Clinical trial status. Several small Phase 1 and Phase 2 trials have investigated LL-37 or LL-37 analogs for wound healing, antibiotic-resistant infection, and skin disease applications. None have progressed to Phase 3.

Modified analogs in development. Multiple research groups have developed LL-37 analogs with improved properties (citrullination resistance, reduced cytotoxicity, enhanced antimicrobial potency). hArg-LL-37 (with arginine replaced by homoarginine) is one example of citrullination-resistant variants. None have reached approval.

Compounding status. LL-37 is not on the FDA Category 2 bulks list as of May 2026.

WADA status. LL-37 is not currently on the WADA Prohibited List. The mechanism does not directly support sport performance.

Cosmetic use. LL-37 and modified analogs have been incorporated into some experimental cosmetic formulations for skin barrier support and antimicrobial claims. The cosmetic positioning is separate from any pharmaceutical claim.

Research-chemical availability. LL-37 is widely available from peptide synthesis vendors for research use with "for laboratory use only" labeling.

Dosing protocols and literature-reported ranges are documented in the approved label or trial publications referenced above.

The LL-37 safety profile is complex because of the dual antimicrobial / pro-inflammatory nature.

Concentration-dependent cytotoxicity. At concentrations above 1 to 10 µM, LL-37 is cytotoxic to multiple human cell types. Systemic administration risks producing serum concentrations in this range with broad cytotoxic effects.

Pro-inflammatory effects in disease. Systemic LL-37 administration could theoretically drive autoimmune or autoinflammatory disease (psoriasis-like, lupus-like) through the self-DNA presentation mechanism.
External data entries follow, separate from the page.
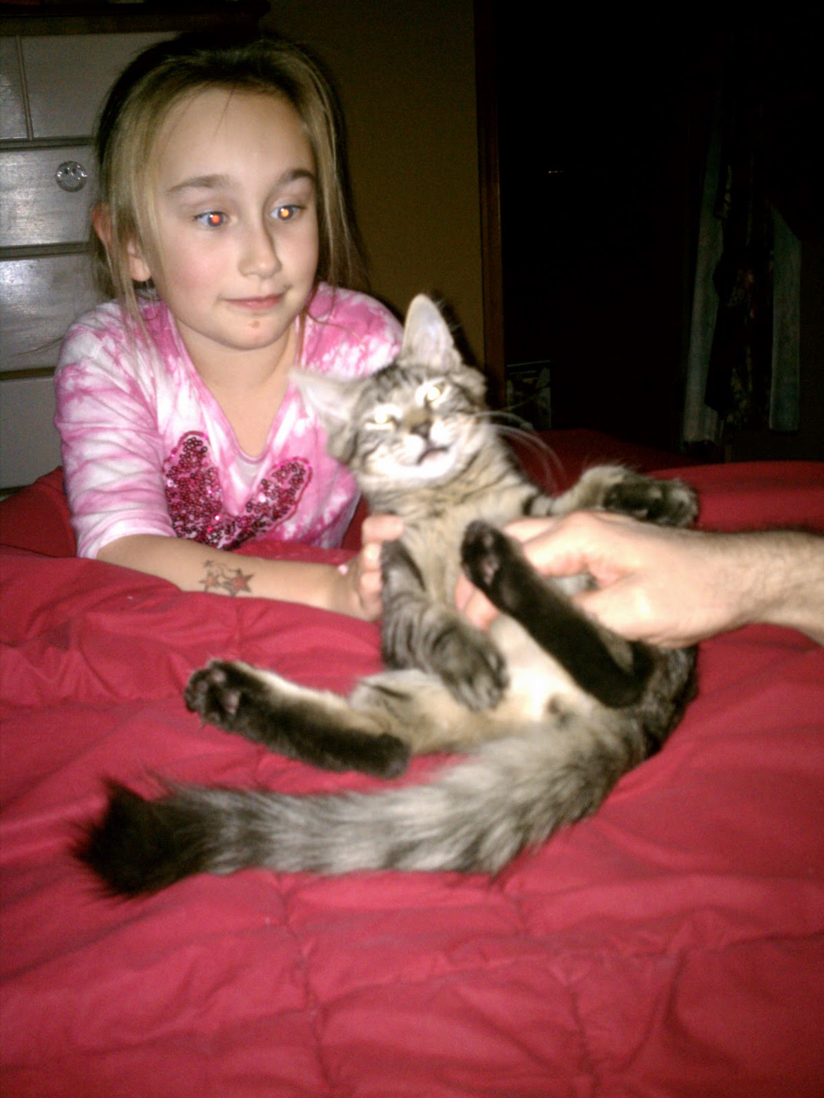 I love the red eyes here. It makes my daughterlook very demonic.
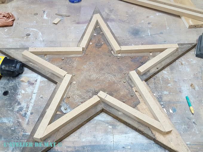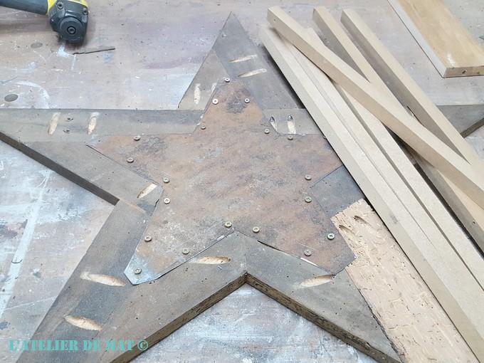 Il ne me restait donc plus qu’a fixer l’étoile en tôle au reste à l’aide de quelques vis. Je dis « quelques » mais je n’ai pas hésité à en mettre afin que la tôle et le bois jointent correctement. Dans des chutes de MDF, j’ai débité des petits tasseaux qui allaient me servir à créer un peu de volume au dos de l’étoile et me donner un support pour l’éclairage.
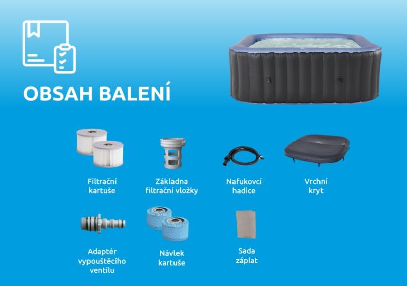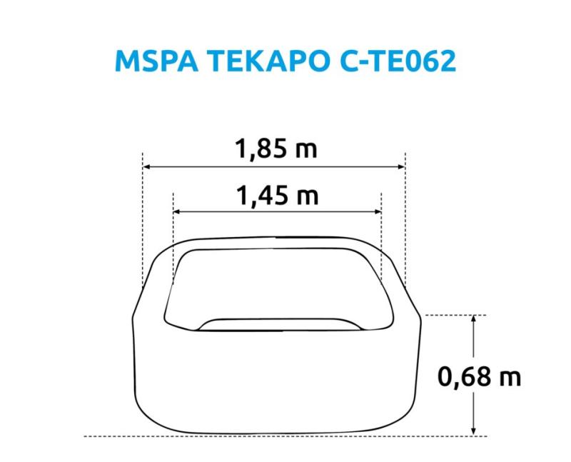 Velká nafukovací vířivka až pro 6 osob. MSpa Tekapo C-TE062 má praktický tvar a bezvadně padne na jakoukoli terasu či zahradu.Výhodou je 132 vzduchových trysek a účinný ohřev vody. Uvnitř ovládací jednotky je zabudovaná mini sterilizační komora s UV LED lampou, která zajišťuje, že každá kapka vody v Mspa je pod neustálou ochranou.
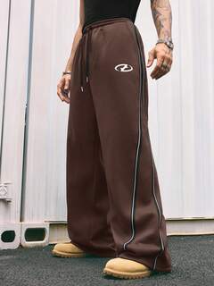Men's Letter Print Crew Neck Sweatshirt, Loose Fit, Warm Lining, Long Sleeve For Autumn/Winter
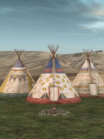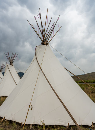 Two teepees representative of those used by the Blackfeet Indians on the Great Plains of Montana, USA.
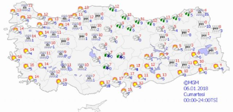 Yapılan son değerlendirmelere göre, yurtta hava durumu bugün şöyle. Yurdun kuzey, iç ve doğu kesimlerinin parçalı ve çok bulutlu, Orta ve Doğu Karadeniz kıyıları, Sinop, Amasya, Tokat ve Artvin ile sabah ilk saatlerde Kayseri, Kırşehir ve Nevşehir çevrelerinin yağmurlu geçeceği tahmin ediliyor. Sabah ve gece saatlerinde iç ve doğu kesimlerde yer yer pus ve sis, Doğu Karadeniz'in iç kesimleri ile Doğu Anadolu'nun doğusunda buzlanma ve don olayı bekleniyor. Meteoroloji Genel Müdürlüğünden alınan tahminlere göre, hava sıcaklığının güney, iç ve batı kesimlerde 2 ila 4 derece artacağı, diğer yerlerde değişmeyeceği tahmin ediliyor. Ülke genelinde mevsim normallerinin 2 ila 6 derece üzerinde seyretmesi bekleniyor. Rüzgarın genellikle kuzey ve kuzeydoğu, batı kesimlerde güney yönlerden hafif, ara sıra orta kuvvette eseceği tahmin ediliyor. Bazı illerde beklenen hava durumuyla günün en yüksek sıcaklıkları ise şöyle: Ankara: Parçalı bulutlu, sabah ve gece saatlerinde yer yer pus ve sisli 9 İstanbul: Az bulutlu, sabah ve gece saatlerinde yer yer pus ve sisli 12 İzmir: Az bulutlu 16 Adana: Parçalı, iç kesimleri yer yer çok bulutlu 17 Antalya: Parçalı ve az bulutlu 19 Samsun: Çok bulutlu, sabah saatlerinde yağmurlu 12 Trabzon: Çok bulutlu, aralıklı yağmurlu 13 Erzurum: Parçalı ve çok bulutlu, sabah ve gece saatlerinde yer yer pus ve sisli 2 Diyarbakır: Parçalı ve az bulutlu 11

Hemolysis risk. Cationic peptides have documented hemolytic activity at high concentrations.

Limited pharmacokinetic data. The few clinical studies have used topical or local administration to limit systemic exposure.
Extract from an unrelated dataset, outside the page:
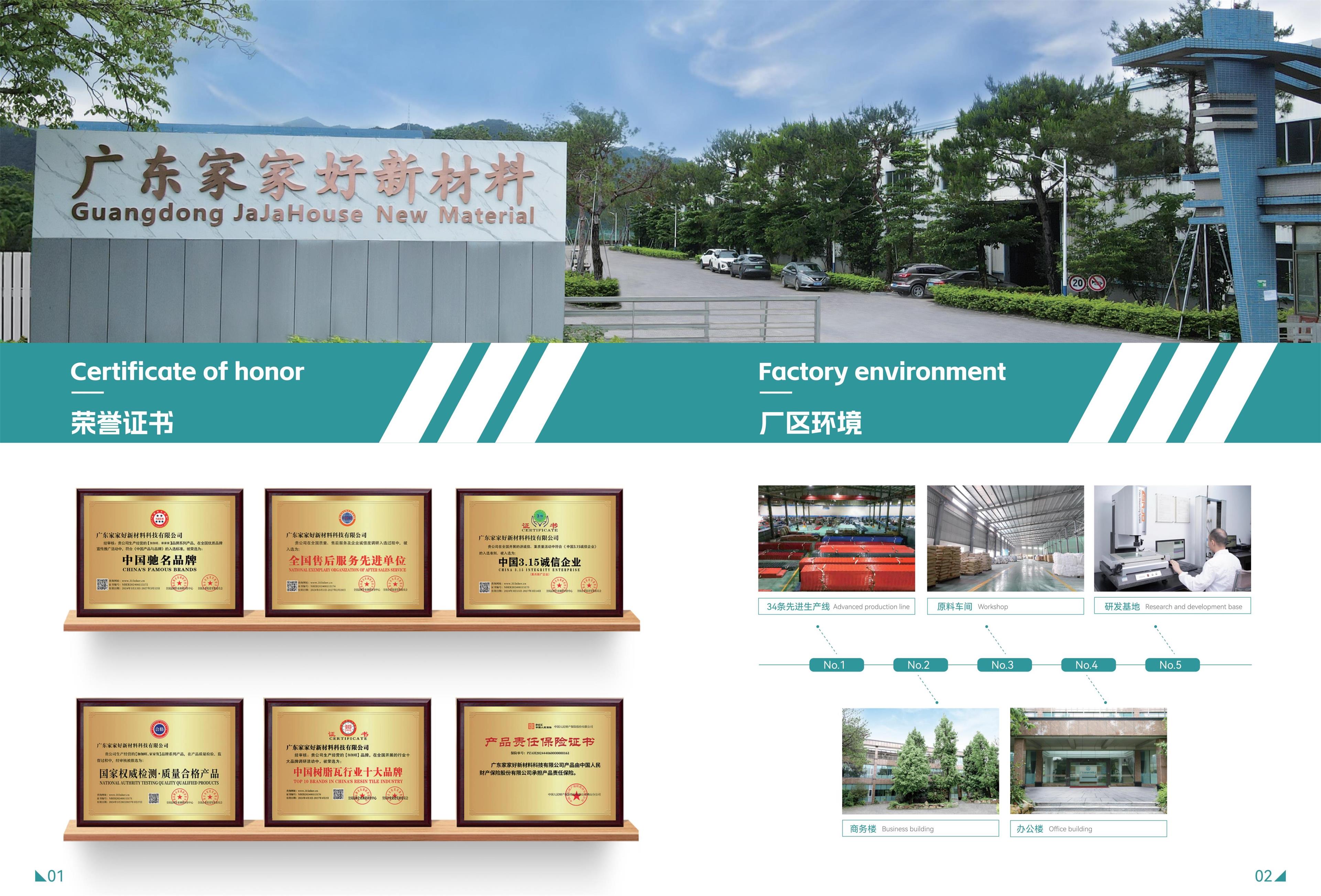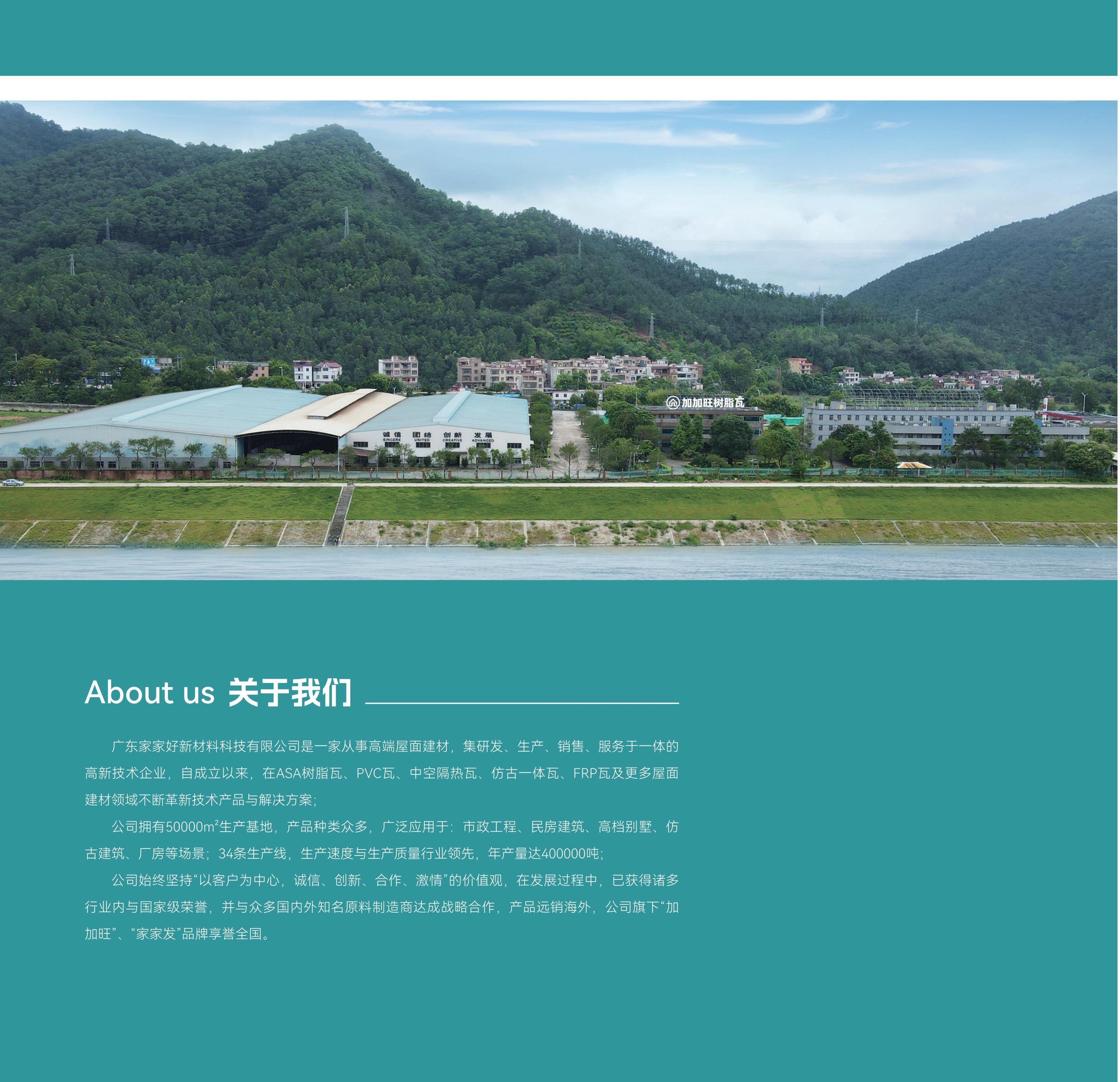 广东家家好新材料科技有限公司是一家从事高端屋面建材,集研发、生产、销售、服务于一体的高新技术企业,自成立以来,在ASA树脂瓦、PVC瓦、中空隔热瓦、仿古一体瓦、FRP瓦及更多屋面建材领域不断革新技术产品与解决方案:

No long-term safety database. The absence of Phase 3 trials means no large-scale safety database exists for any LL-37-based product.
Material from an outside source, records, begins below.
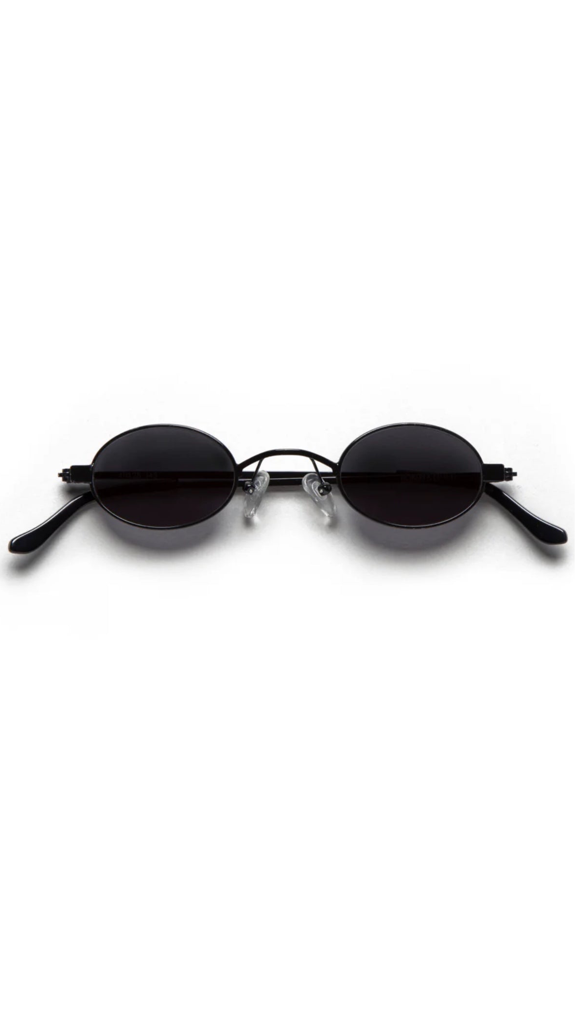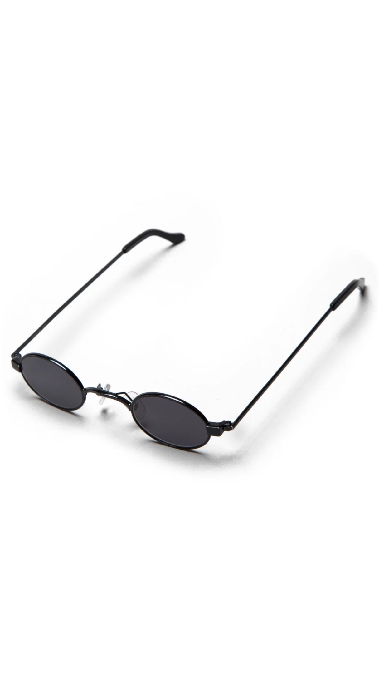 Lightweight matte black stainless-steel frame paired with dark lenses and adjustable nose pads.
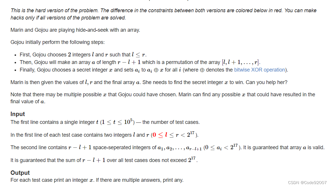 Educational Codeforces Round 157 (Rated for Div. 2) D. XOR Construction (思维题)-优快云博客
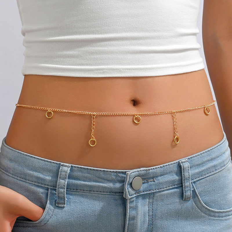 欧美创意个性长款几何圆形腰链女士 ins简约精致身体链饰品
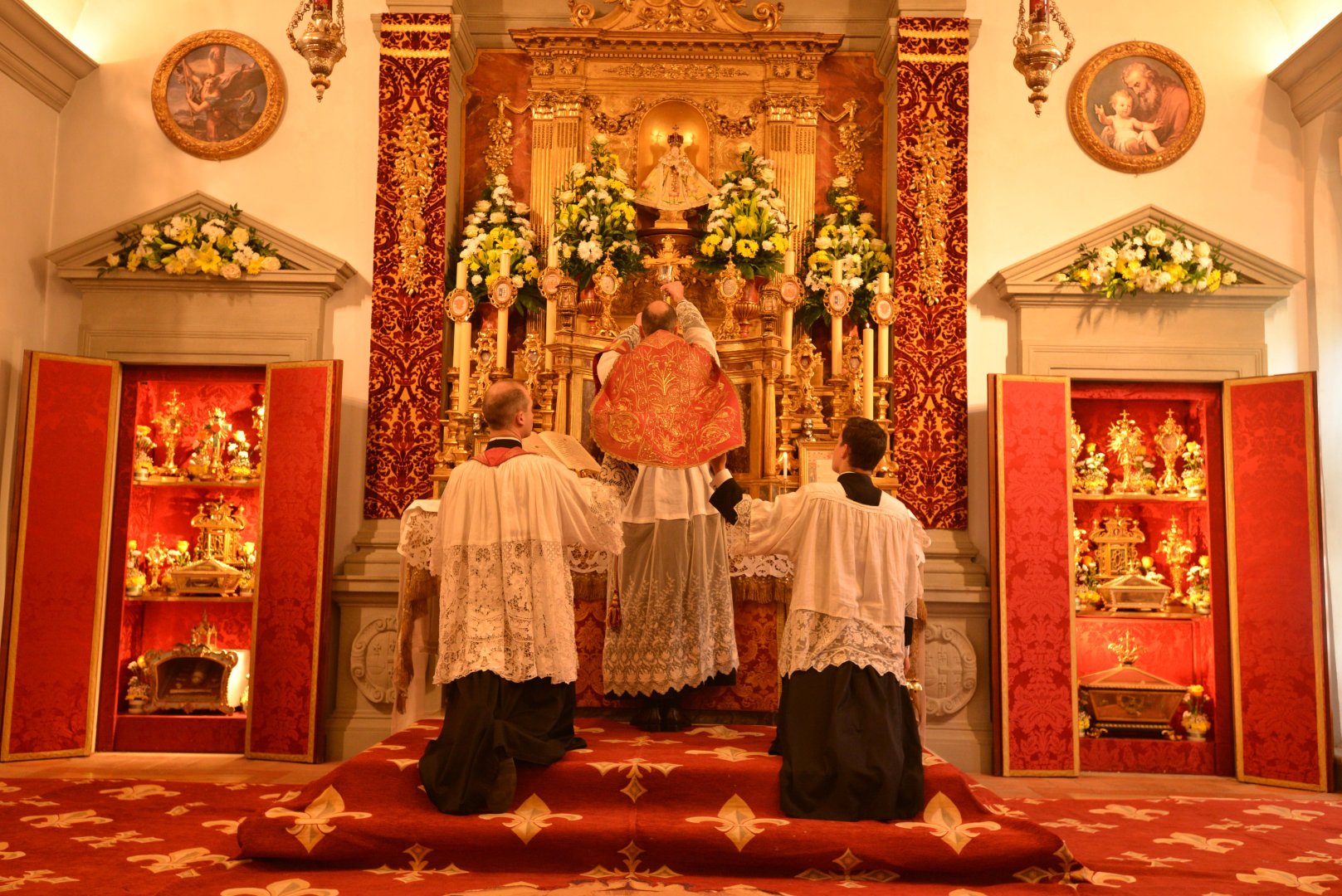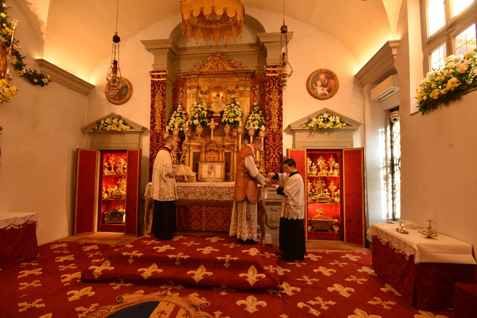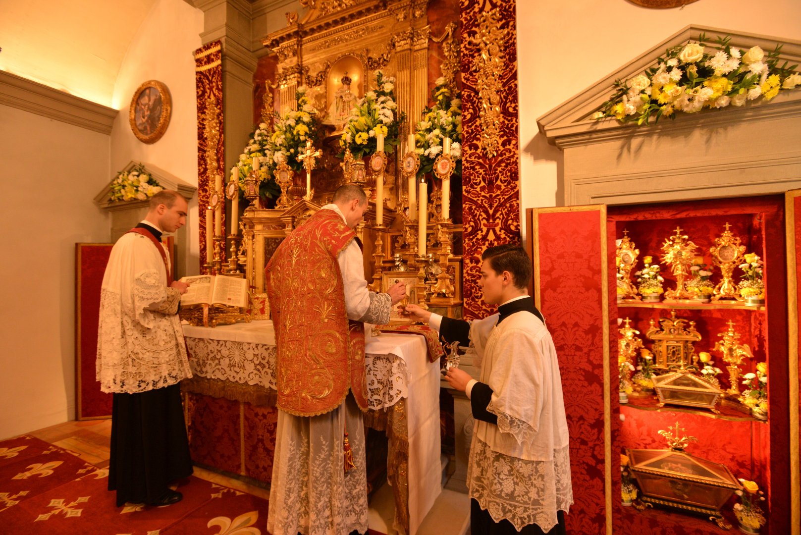 Pozdrowienie ołtarza — kardynał modli się chwilę w ciszy po wejściu do kaplicy

The safety challenges have been a major obstacle to clinical development. Modified analogs with reduced cytotoxicity and pro-inflammatory effects are an active area of research.

The antimicrobial peptide field has multiple candidate molecules.

LL-37 vs Defensins. Defensins are the other major family of human antimicrobial peptides. Alpha-defensins (HNP-1 through HNP-4) are produced by neutrophils. Beta-defensins are produced by epithelial cells. Different structural class (beta-sheet rather than alpha-helix) but overlapping antimicrobial spectrum. The two families work together as innate immune effectors.

LL-37 vs Magainins. Magainins are frog-derived antimicrobial peptides that have been studied extensively. Different species origin but similar broad-spectrum activity. Pexiganan (a magainin analog) was developed for diabetic foot infection but did not receive FDA approval.

LL-37 vs Nisin. Nisin is a bacterial-derived lantibiotic used as a food preservative. Different structural class. Approved for food use, not therapeutic use.

LL-37 vs Bacitracin / Polymyxin / Vancomycin. Conventional antibiotic peptides. Approved and widely used. LL-37 has been positioned as a candidate for antibiotic-resistant infections where conventional options fail.

LL-37 vs KPV / BPC-157 / TB-500. Different mechanism classes. KPV is anti-inflammatory through NF-κB. BPC-157 and TB-500 are healing peptides. LL-37 is primarily antimicrobial with secondary immunomodulatory effects.

The antimicrobial peptide therapeutic field has been challenging across all candidates due to manufacturing costs, pharmacokinetic limitations, and safety considerations. No member of this peptide class has achieved broad FDA approval for systemic antimicrobial use.